As we’ll see the basics of our current computer architectures are really just based on old teletype computers and on serial communications.

5-bits?

Well the coding of characters into something that a machine can understand has been around since the 16th century when Francis Bacon created the Bacon cipher, and which used 5 binary digits (using an ‘A’ and a ‘B”) to represent the 26 letters for the alphabet:

a  AAAAA  g    AABBA  n   ABBAA  t    BAABA
b  AAAAB  h    AABBB  o   ABBAB  u-v  BAABB
c  AAABA  i-j  ABAAA  p   ABBBA  w    BABAA
d  AAABB  k    ABAAB  q   ABBBB  x    BABAB
e  AABAA  l    ABABA  r   BAAAA  y    BABBA
f  AABAB  m    ABABB  s   BAAAB  z    BABBB

So “Bulgaria” becomes:

AAAAB BAABB ABABA AABBA AAAAA BAAAA ABAAA AAAAA

http://asecuritysite.com/coding/bacon

Unfortunately his codes were not really machine ready. So it was Baudot who created the first usable code in 1870, and which used 5 bits to represent characters. The codes were:

http://asecuritysite.com/coding/baudot

When his codes were used for communications, a start and a stop bit were added to give 7 bits. His legacy still exists in standards such as RS-232, where we define the Baud rate, and which measures the number of characters sent per second.

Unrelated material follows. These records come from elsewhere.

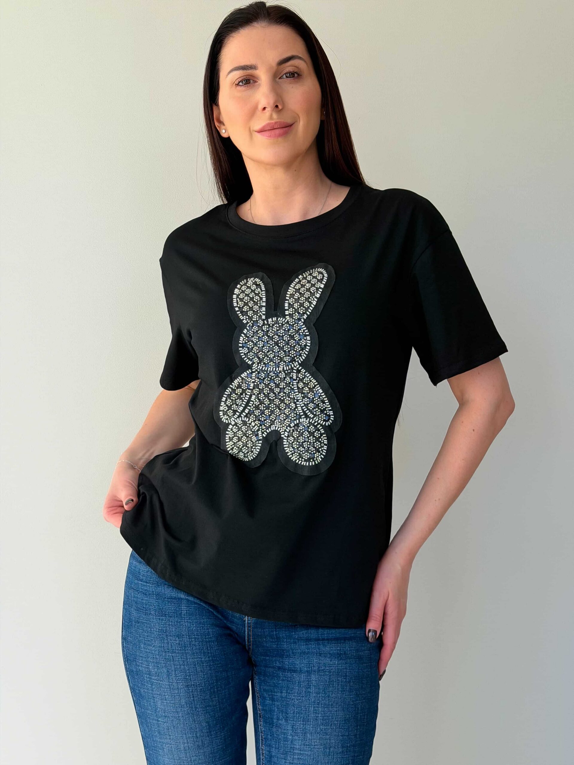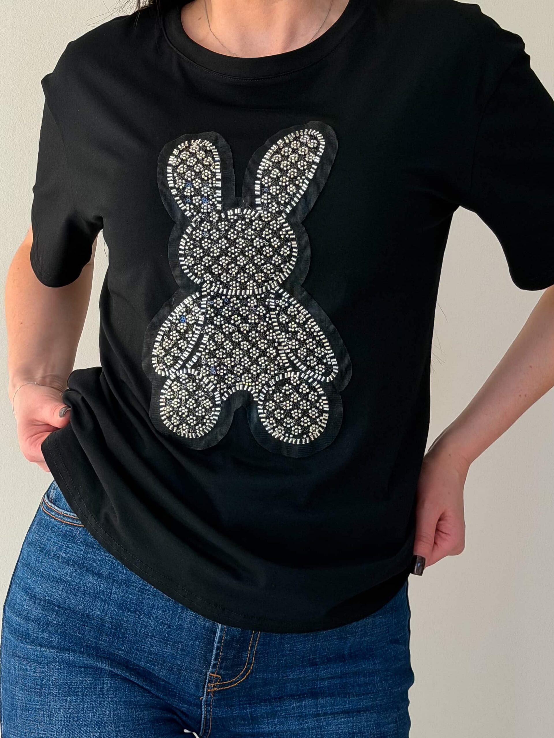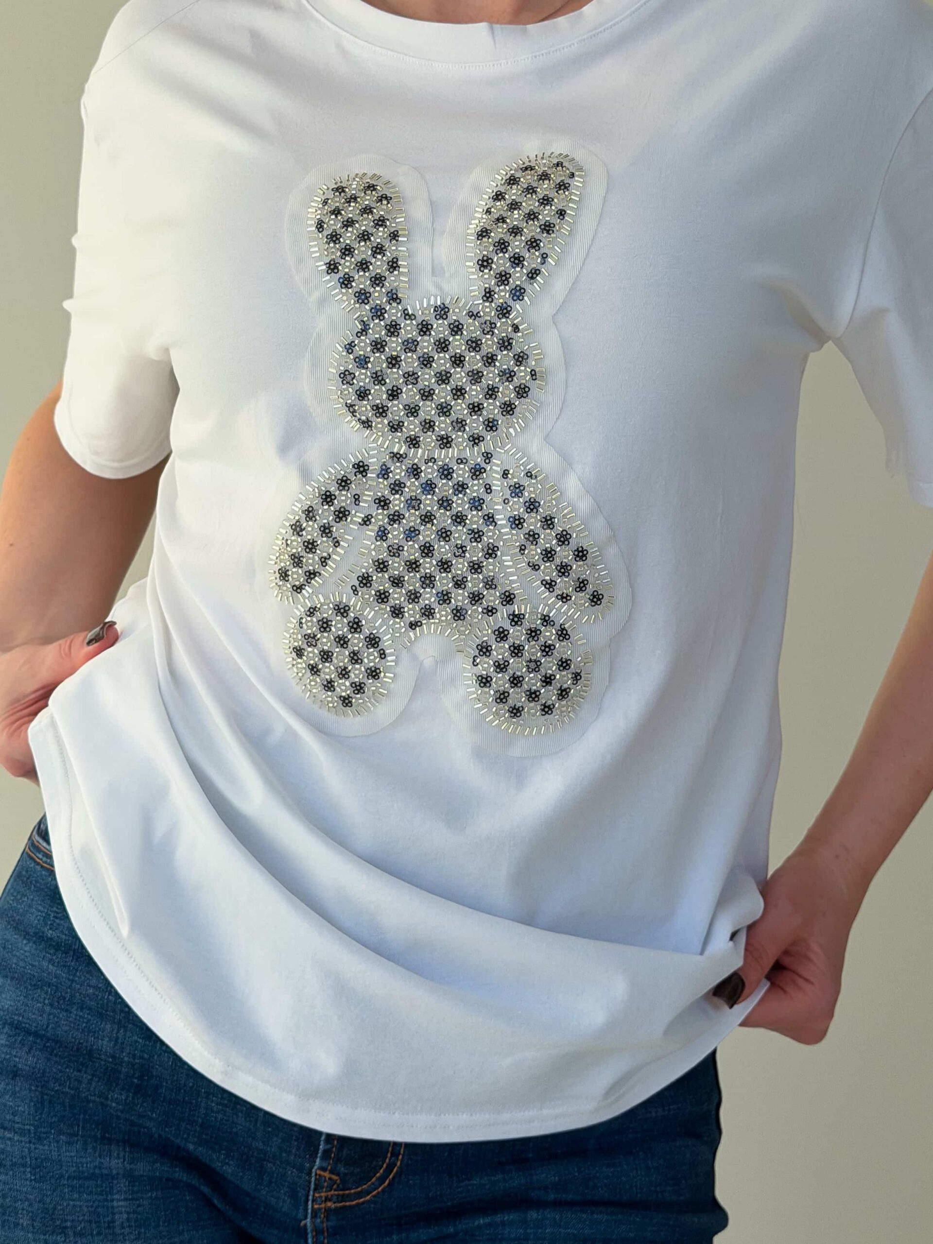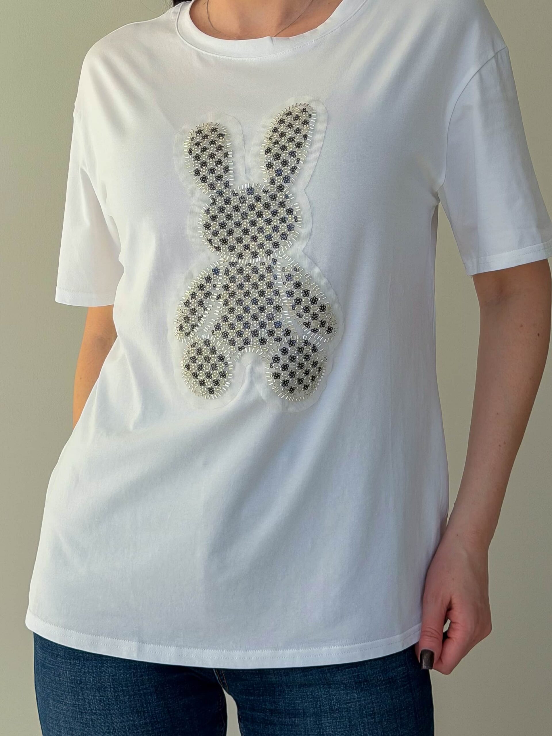 Футболка летняя станет идеальным выбором для создания свежего образа. Главным украшением модели выступает оригинальный принт силуэта зайца, расположенный на передней части изделия. Продуманная прямая форма обеспечивает отличную посадку на любой тип женской фигуры. Данная вещь абсолютно универсальная и легко дополняет джинсы, юбки или короткие шорты. Футболка летняя будет гармонично смотреться как на прогулке, так и на отдыхе. Добавьте в свой гардероб практичную модель, которая подчеркнет ваш неповторимый стиль.
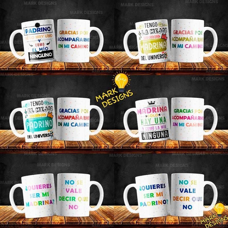 Diseños Padrino y Madrina Tazas, ideal para sublimar tus tazas, listas para imprimir y sublimar.
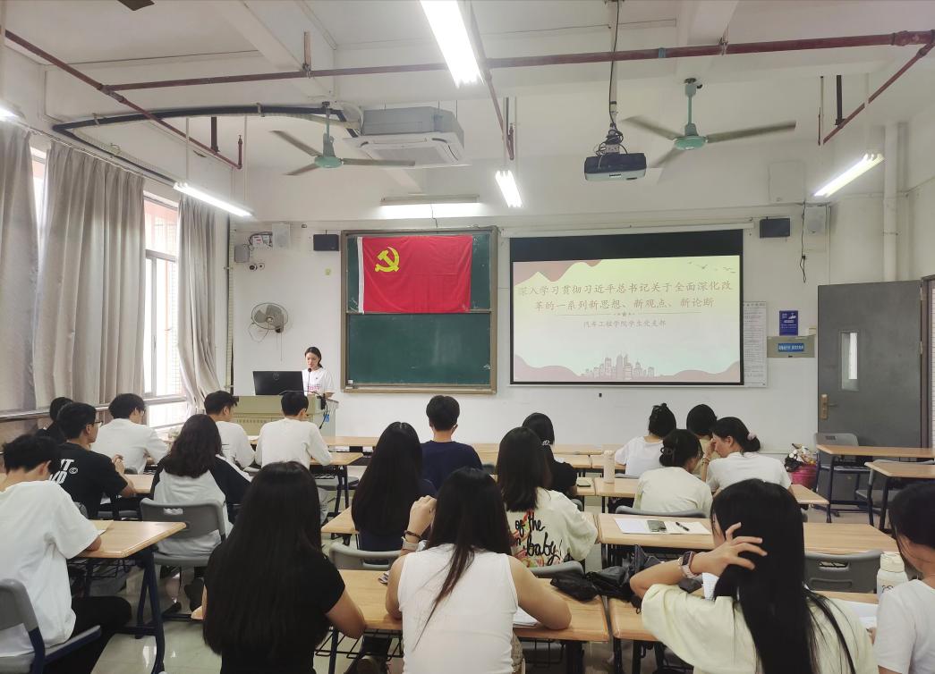 为深入学习贯彻习近平总书记关于全面深化改革的重要论述,全力以赴抓好全会精神贯彻落实,提升支部党员党性修养,汽车工程学院学生党支部于11月14日下午在明德楼1区312开展以“深入学习贯彻习近平总书记关于全面深化改革的一系列新思想、新观点、新论断”为主题的党史学习微课堂。此次党课由蔡光煜主持,汽车工程学院学生党支部书记刘彩云以及全体在校党员参加了本次学习。
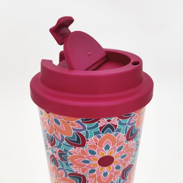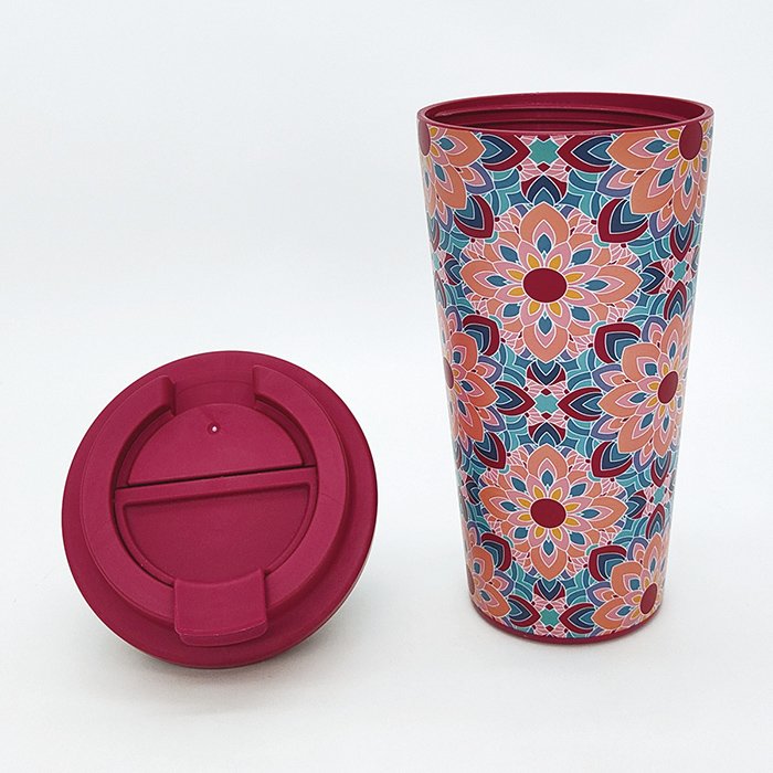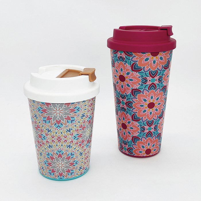 The tapered shape makes it easy for us to take on the go and the twisted lid prevents any spills. We can print beautiful patterns onto this mug to make it useful and stylish.
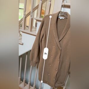 Anthropologie Flat White Sweater Ribbed Knit Mini Cardigan Sweater Camel Dress with Double-Breasted Detail M
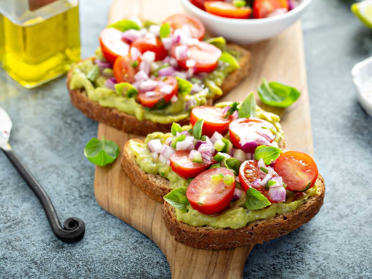 Ingredientes: 4 rebanadas de pan de tu elección (integral, de centeno, artesanal, etc.); 2 aguacates maduros; 1/2 taza de tomates cherry, cortados por la mitad; 1/4 de cebolla roja, cortada en cubitos pequeños; 1/2 pepino, pelado y cortado en cubitos; Jugo de limón (para evitar que el aguacate se oxide); Sal y pimienta negra al gusto; Aceite de oliva (opcional); hojas de albahaca frescas (opcional)
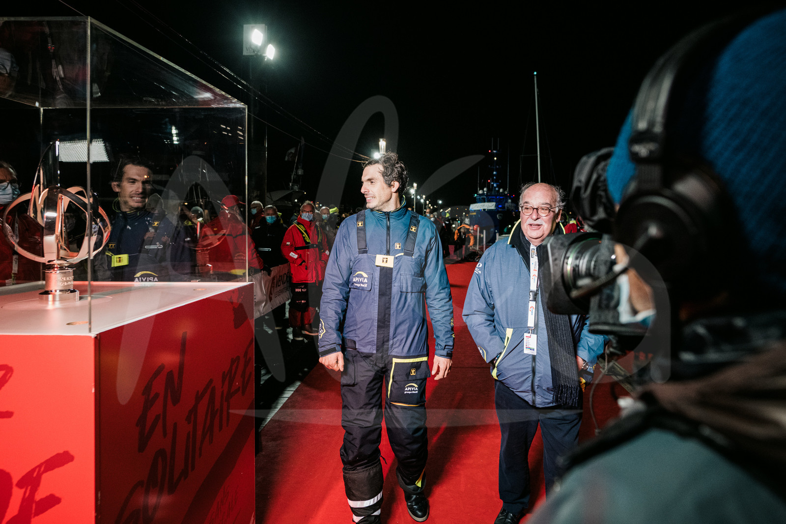 | Description | #EN# LES SABLES D’OLONNE, FRANCE - JANUARY 27: Skipper Charlie Dalin, Apivia, is looking at the trophy after crossing first the finish line of the Vendee Globe sailing race, on January 27, 2021. (Photo by Jean-Louis Carli/Alea) #FR# LES SABLES D’OLONNE, FRANCE - 27 JANVIER: Le skipper Charlie Dalin, Apivia, regarde le trophée après avoir franchi en premier la ligne d’arrivée du Vendee Globe, le 27 Janvier 2021. (Photo Jean-Louis Carli/Alea) |
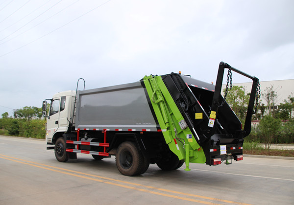 上裝配置:弧形箱體,容積約10-12立方,可裝垃圾8-10噸,采用特種鋼板制作,箱體底板5mm,邊板5mm,廈門銀華油缸,江蘇多路閥,長源液壓油泵,填裝器舉升油缸帶液壓鎖裝置,采用進口西門子PLC電控系統(帶一鍵操作,和手動操作兩種控制方式),電控操作盒三只。帶3個污水收集箱,尾部帶橡膠密封條。填充器加裝后照明燈,箱體油漆及噴字按用戶要求定制。
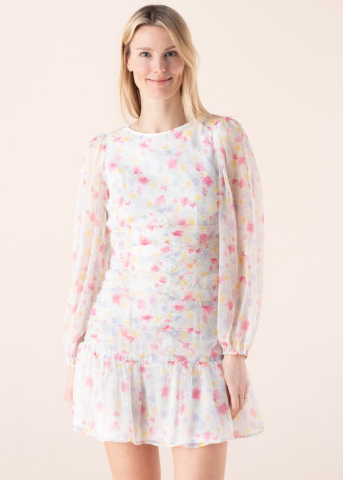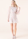 Võluv Vila kleit Sophia on nooruslik ja moodne valik. Naiselik liibuva tegumoega kleit on õhuline ning kerge. Pilku püüavad krooked pealispinnal , all servas on romantiline volang ja seljal on lukk. Sisemuses on aluskleit. Sära ja maailm naeratab Sulle vastu! Modelli pikkus on 177 cm ning kannab suurust 36.
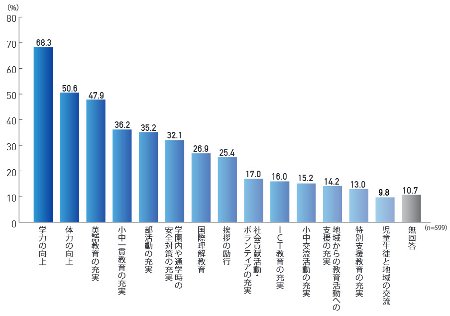 上位5位までの項目は前回と同じでした。とくに、上位の3項目、学力、体力そして英語教育の充実は保護者のみなさんにとって、学校教育に期待する最も切実な項目であることを再確認しました。
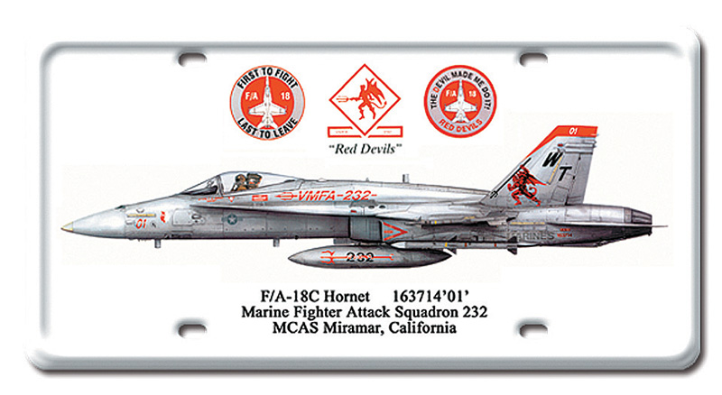 This F/A-18C Hornet metal license plate measures approximately 6-inches by 12-inches. Unlike most tin signs, we design and make our signs in the United States using 24 gauge American steel and a process known as sublimation, where the image is baked into a powder coating for a durable and long lasting finish. We then perform a vintaging process by hand to give this sign an aged look and feel. The edges of this sign are rounded for extra rigidity and the corners are drilled and riveted for easy hanging.
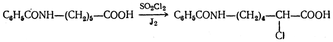Действием хлористого сульфурила в присутствии следов иода вводят в α-положение атом хлора:
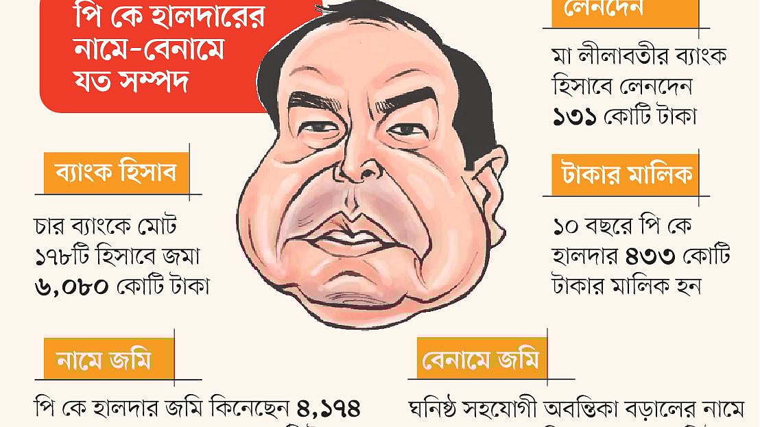 পি কে হালদারের নামে–বেনামে করা কাগুজে কোম্পানির ১৭৮টি ব্যাংক হিসাবে ১২ বছরে প্রায় ৬ হাজার ৮০ কোটি টাকা জমা হয়।
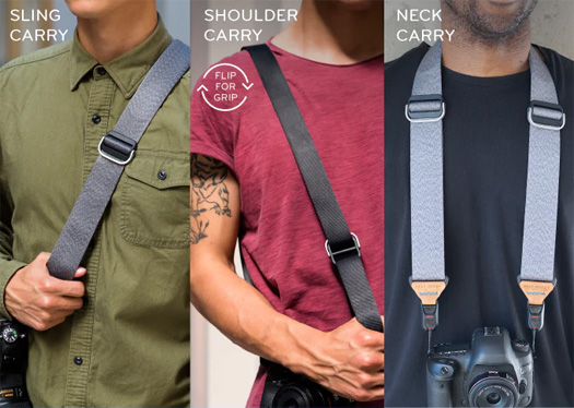 Slide kan smidigt användas antingen som nackrem, axelrem eller "sling"-rem, dvs snett över bröst/skuldror

With many of the original computers the communication links were based on RS-232 and had serial communications, using a transmit and a receive line. The speed of the remote device and the receiving device then had to be synchonised by setting the Baud rate. Typical rates were 300, 1200, 2400, 4800, and 9600, where 300 Baud defined 300 characters per second (or 3,000 bits per second — where each character was typically sent with 10 bits — a start bit, a stop bit, a 7-bit ASCII character and one bit for parity).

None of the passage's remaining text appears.